I know he is not involved with those women, but just the entire thing is sad. I don’t want to be with him at all anymore though. He is so far in denial and repressing his emotions I can’t ever see him coming out of that. I have no desire to reach out or talk to him at all. And I feel weirdly calm, more than ever before. I also connected with a secure I used to date casually years ago and just talking with someone who doesn’t have all these deactivation defenses up is so refreshing. He knows I am not ready to date though, as I’m still working on healing my own FA behaviors with therapy etc.

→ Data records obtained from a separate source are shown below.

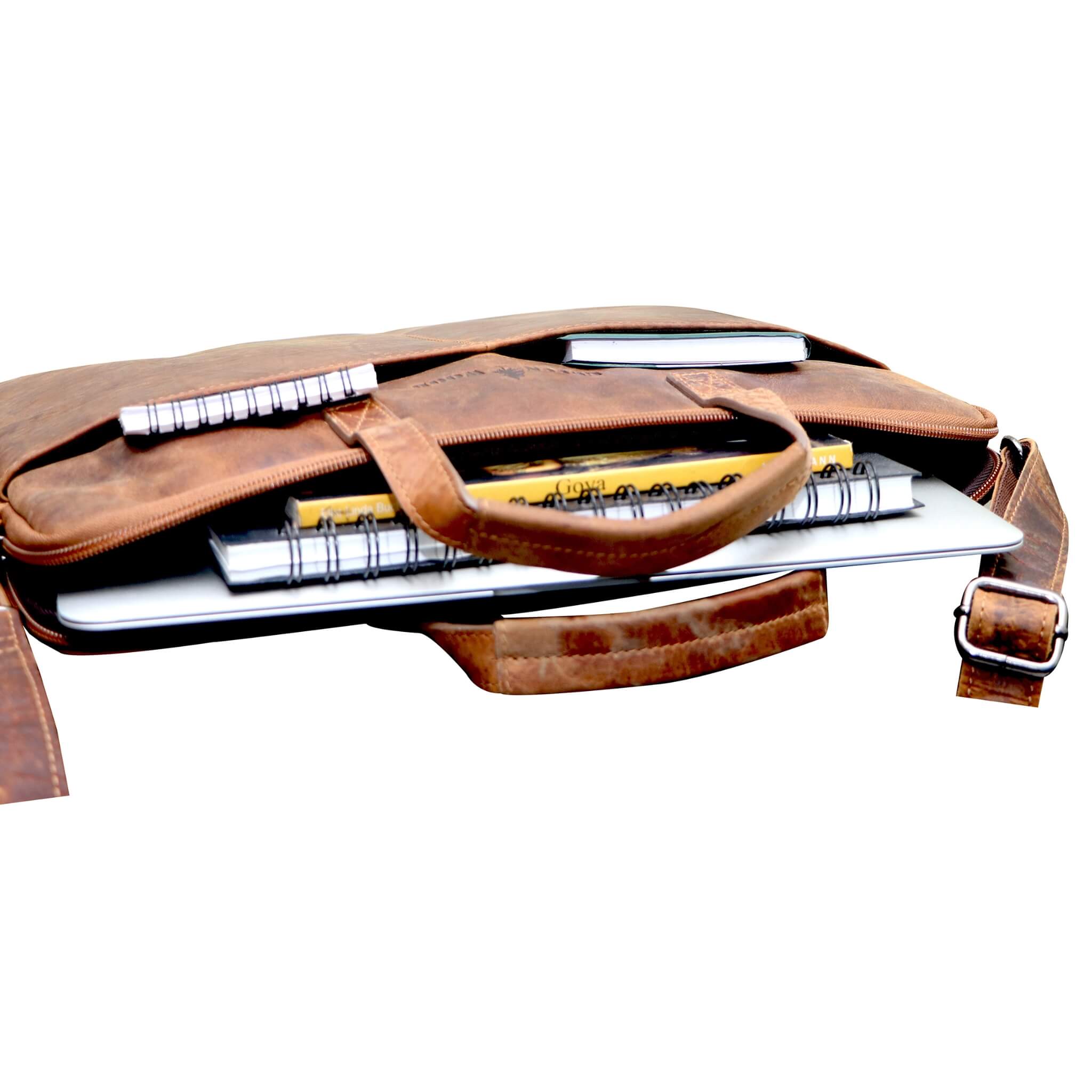 Greenwood Fred M - Laptop bag upto 14 inch for women, Leather shoulder bag for men, Laptop sleeve.
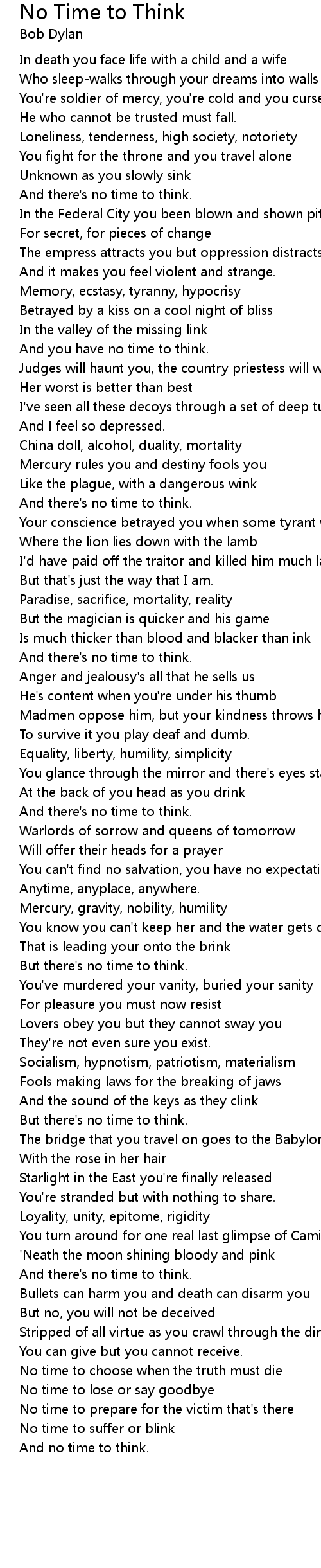 And no time to think. |
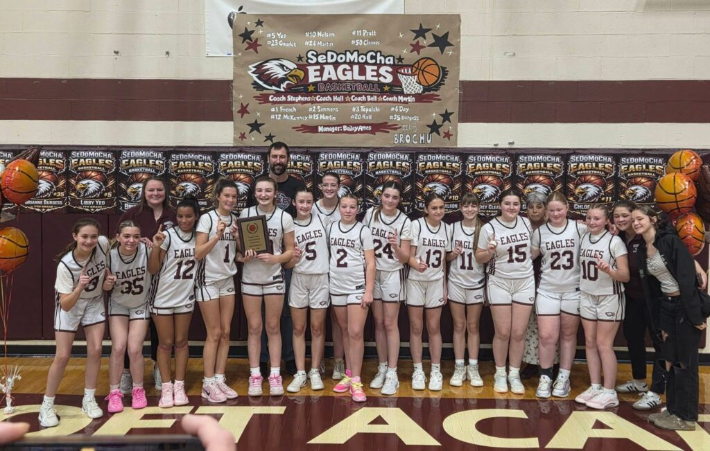 LARGE SCHOOL CHAMPS — The SeDoMoCha Middle School girls won the 2026 Penquis League Large School championship on Jan. 17 at Foxcroft Academy. The top-seeded Eagles defeated No. 2 Mattanawcook Junior High School of Lincoln 50-33. Front, from left, players Gabby Topolski, Brianne Burgess, Kennedy McKenney, Lilah French, Kinsley Hall, Libby Yeo, Audrey Cleaves, Kelsey Simmons, Sariah Martin, Glenna Brochu, Chloe Pratt, Eizley Martin, Brynn Gaudett, Kaydiense Nelson and manager Bailey Adams. Back, coaches Jessica Bell, Brandon Hall, Diane Stephen and Elizabeth Martin.
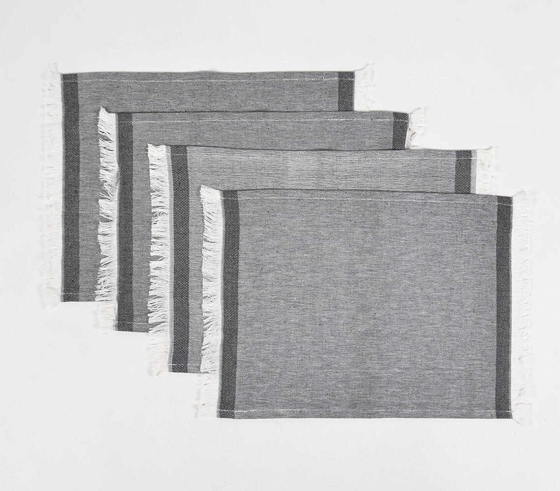 Yarn-Dyed Cotton Solid Placemats with Frayed Edges (set of 4)
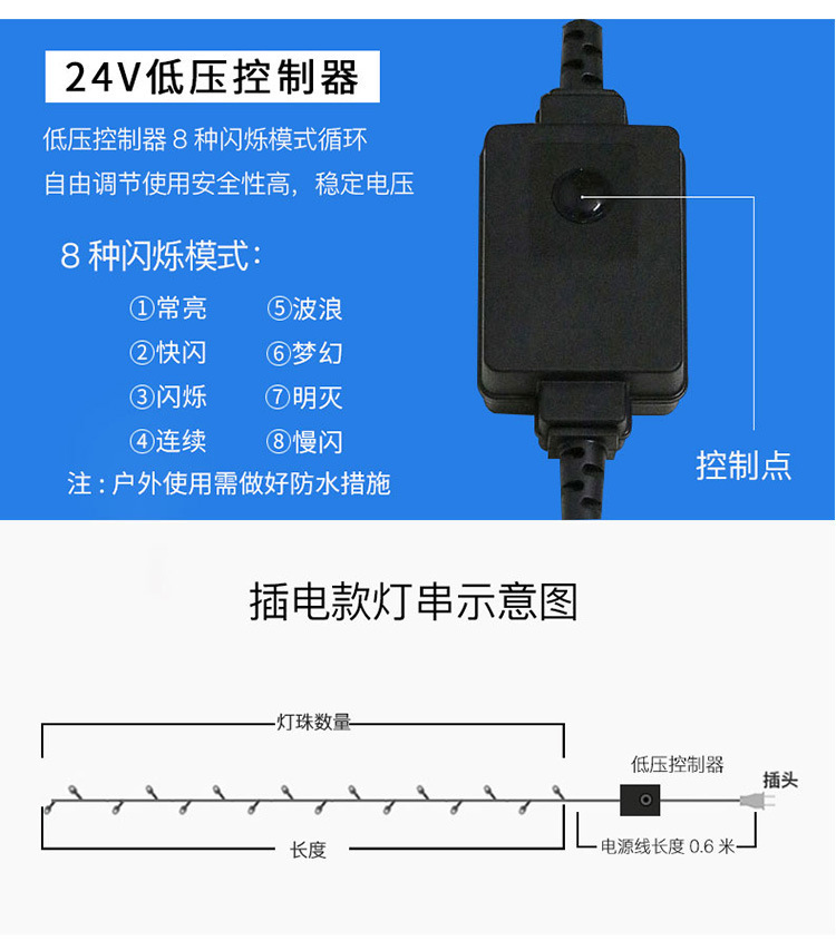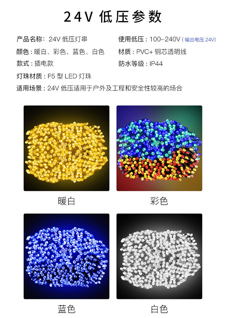 | [24v low voltage model] 10 m 100 lights(【24v低压款】10米100灯) | USD $2.81 | 8000 set available |
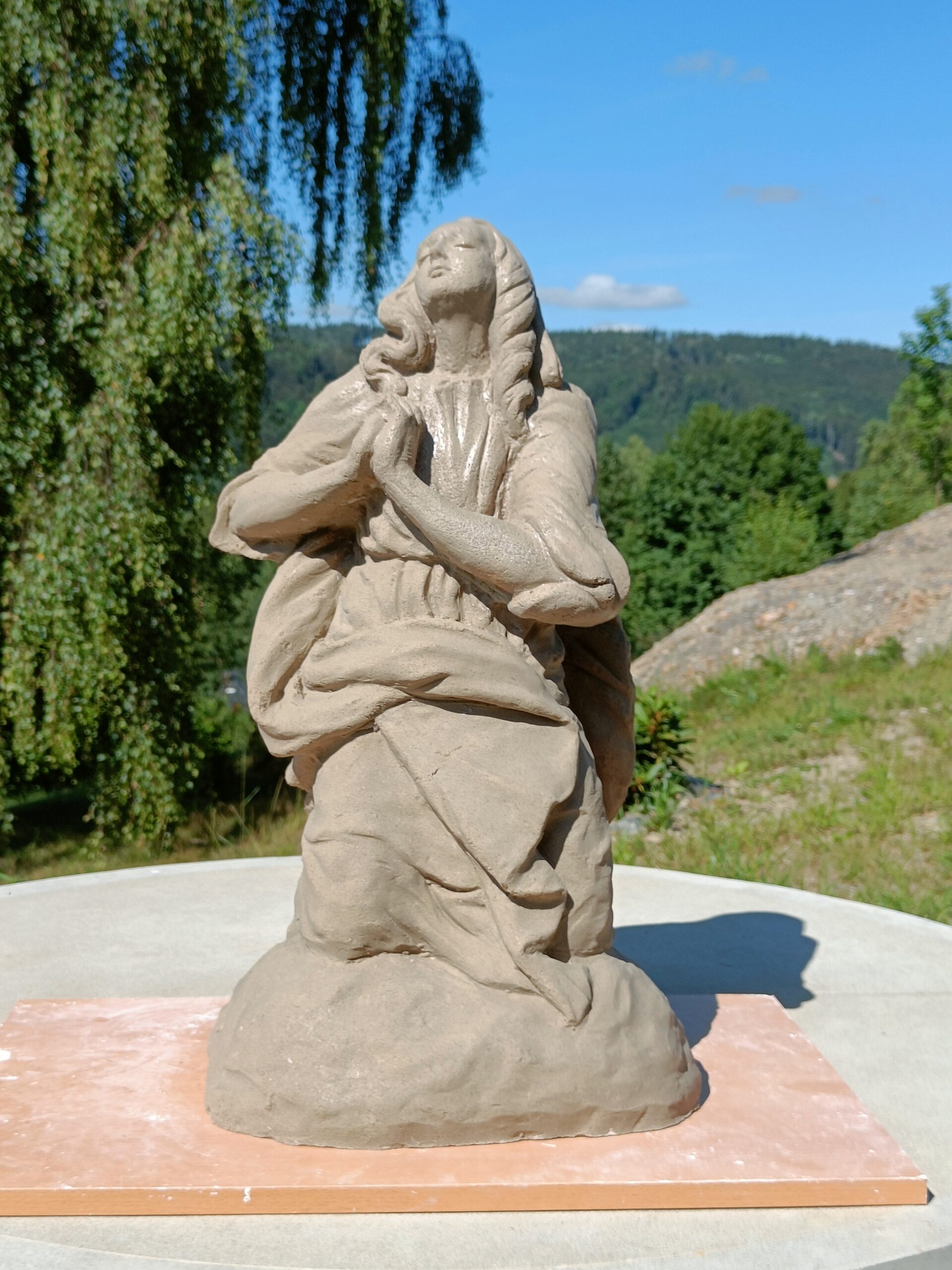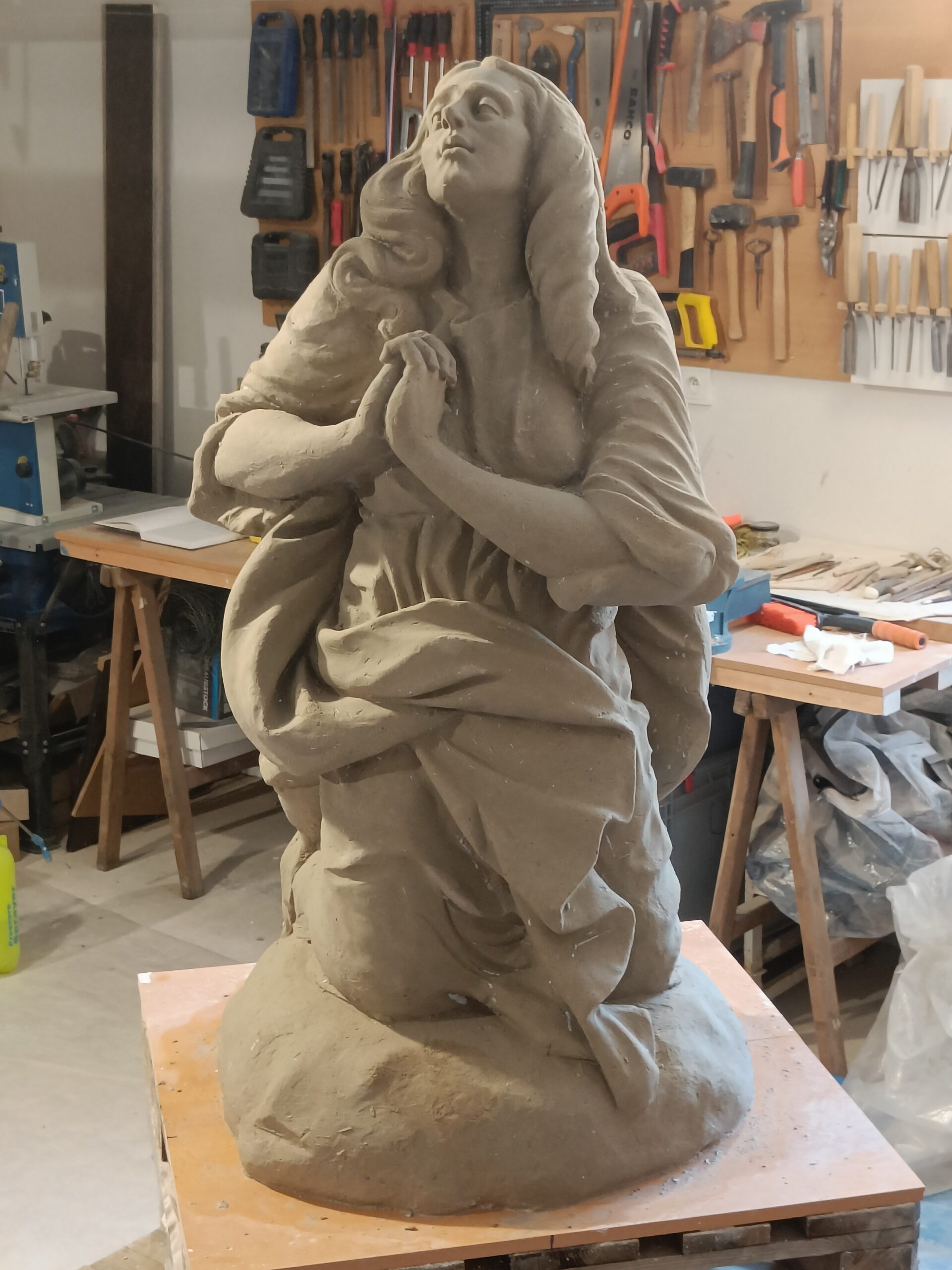 Socha Máří byla posledním sochařským objektem, který chyběl. Na křížové cestě se nachází množství různých sochařských výjevů a památkově chráněných objektů. Jedním z těchto objektů je i grotta Sv. Máří Magdaleny, ke které se bohužel nedochovala žádná fotografická dokumentace dokládající její sochařskou výzdobu. Jedinou možnou inspirací, která by se fakticky mohla opírat o reálné zobrazení Máří Magdaleny z této oblasti, byla malá fotografie sochy Sv. Máří Magdalény z křížové cesty, která se nacházela přímo ve Šluknově. Kompozičně se tedy dalo alespoň lehce opřít o tento zdroj. Máří ze Šluknova byla nicméně kompozičně zrcadlově otočena, než bylo vhodné pro Máří do Království, čemuž nasvědčoval, jak tvar grotty, tak celá kompozice křížové cesty. Po proměření grotty byla zvolena finální velikost sochy 125 cm a jako její finální materiál byl určen umělý kámen připomínající pískovec.
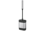 Kunststoff (PP / TPR), flache und biegsame WC-Bürste für eine gründliche Reinigung selbst an schwer zugänglichen Stellen, an den elastischen Borsten bleiben weder Toilettenpapier noch Schmutz hängen, Belüftungsöffnungen halten den Behälter samt Bürste trocken und geruchsfrei, Behälter zur Reinigung und Desinfektion vollständig zerlegbar, hängend oder stehend verwendbar, inkl. Montagematerial zum Ankleben (3M Kleber – extra stabil) oder Anschrauben·schwarz / Edelstahl (LxBxH): 47,5x7,5x13 cm
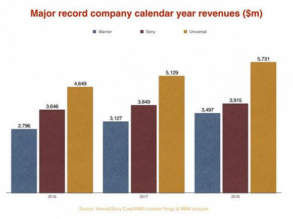 华纳音乐表示,在公司总营收中,通过授权数字音乐发行渠道所获得的收入占比例越来越高。在2019财年,公司通过给Apple和Spotify授权数字音乐所获得的收入占总营收的27%。2019年,流媒体音乐的总收入增长了19.9%,达到了88亿美元,占唱片总收的79.5%。
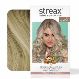 Streax Permanent Hair Colour, 100% Grey coverage, Infused with Argan and Walnut Oil, Long Lasting Cream Hair Colour for Women, Ash Hair Color, 9.1 Rich Platinum, 120 ml, Pack of 1
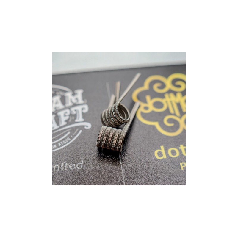 W całości ręcznie wykonane.2x27 Ni80/1x38 Ni80.5 zwojów na Ø2,5 mm.0,32 ohm: Używaj od 25 do 35 watów.Podczas docierania, pamiętaj o obniżeniu mocy, aby uniknąć wybielenia cewek.Sprzedawane w opakowaniach po 2 sztuki.
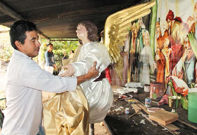 Materiales como la fibra de vidrio, duroport, aserrín, yeso, cartón y pintura acrílica saturan, por momentos, el taller Decoraciones Nuestra Señora de Fátima, propiedad de José Adolfo Pérez Gálvez (calle a San Felipe No. 26, Jocotenango).
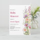 Convite Chá de fraldas de menina púrpura, cor-de-rosa, flo
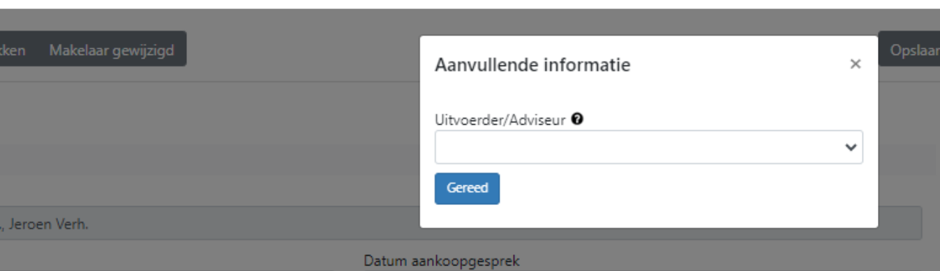 Om het proces makkelijker te maken komt er nu bij het wijzigen van de makelaar een pop-up scherm omhoog, waarin je de nieuwe makelaar kunt selecteren. Het veld in het formulier wordt hierdoor automatisch aangepast!
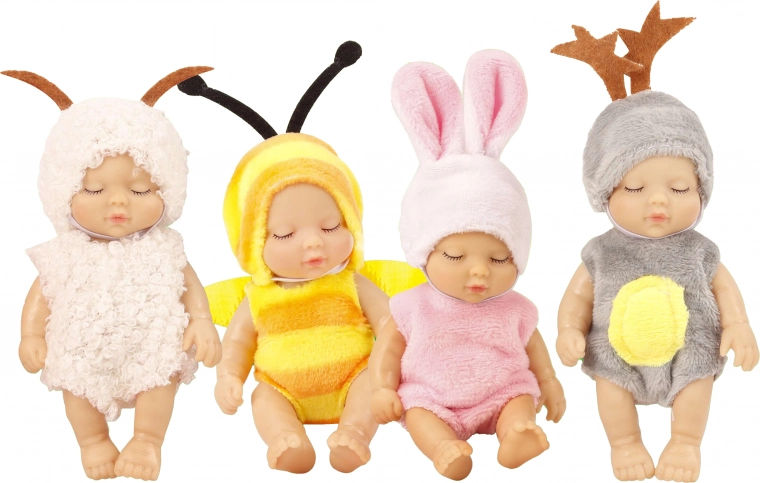Erweitern Sie Ihre Sammlung mit diesem zauberhaften Baby, das nur 12 cm groß ist. Jedes Stück ist sorgfältig mit Liebe zum Detail verarbeitet, einschließlich bunter Outfits mit verschiedenen Tiermotiven. Das Baby ist ideal zum Spielen oder als dekoratives Element im Kinderzimmer.

I am friends with several of my exes. I do wonder if that would ever be possible for Ben or if he will always see me as an attachment figure. He treats his friends like gold. I’d love if we could be friends, but I never want to date him again. I also can’t help but find it interesting he is able to be around friends this closely, it’s crazy to me how securely attached with friends he is. They just don’t trigger him whatsoever. Lastly, I wonder if this summer house thing could be lifetime fulfilling for him. It seems like the perfect situation. Social/shallow emotional met, no intimacy, arms length bonding, fun.. etc. Also just as an observation, the two women in his “summer house” are some of the most AP people I’ve ever witnessed. He would be running for this hills if either of them ever tried to cross that boundary. That harmed my relationship with him too, because his closer female friend was very excluding towards me. Anyway, what a mess, all of it. I’m sure it’s very common for avoidants to say stuff like “I’m not avoiding you, I’m just ______ (very obviously avoiding)” “I’m not picking my friends over you, I’m just _____” ....... but yeah, I regret ever pushing him to do the work he is so obviously not willing to do at all, but at least I learned a lot about myself in the process about what I need and won’t accept in the future.